An alternative culture-independent method to 16S rRNA gene sequencing is shotgun metagenomic sequencing. This method has the potential to detect all genomic contents derived from all types of microorganisms (including bacteria, fungi, parasites, and viruses) present in a test sample. Shotgun metagenomic sequencing therefore enables the ability to discriminate microorganisms on a species-level, or even strain-level, and provides access to the functional gene composition of these microorganisms. However, the implementation of shotgun metagenomics into clinical diagnostics is still troublesome due to its low sensitivity caused by the large amount of human DNA present in clinical samples24,25. For this reason, targeted amplicon sequencing, such as 16S rRNA gene sequencing analysis, remains currently the method of choice for culture-free bacterial detection and determination in the field of clinical diagnostics.

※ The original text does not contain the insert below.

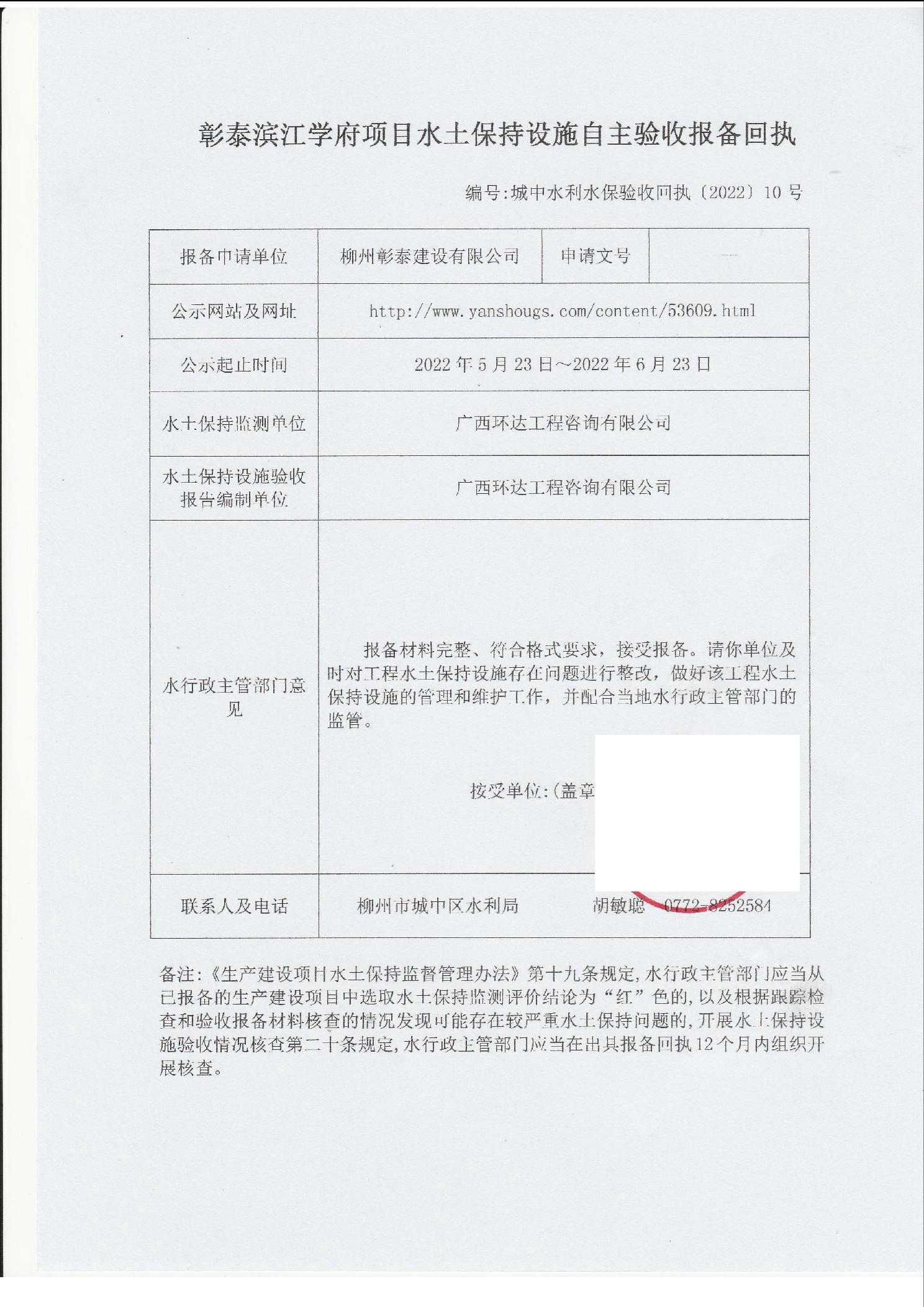 【农业农村局】彰泰滨江学府水土保持设施自主验收报备回执

Altogether, the updated 16S rRNA gene sequencing workflow using ONT’s long-read sequencing technique generates high-resolution taxonomic analysis with accurate quantification of (low) abundant bacterial species in clinical samples or confirm culture-negative results. The implementation of micPCR in combination with Flongle sequencing makes it possible to produce these clinically relevant data within a clinically relevant time frame in a cost-effective manner.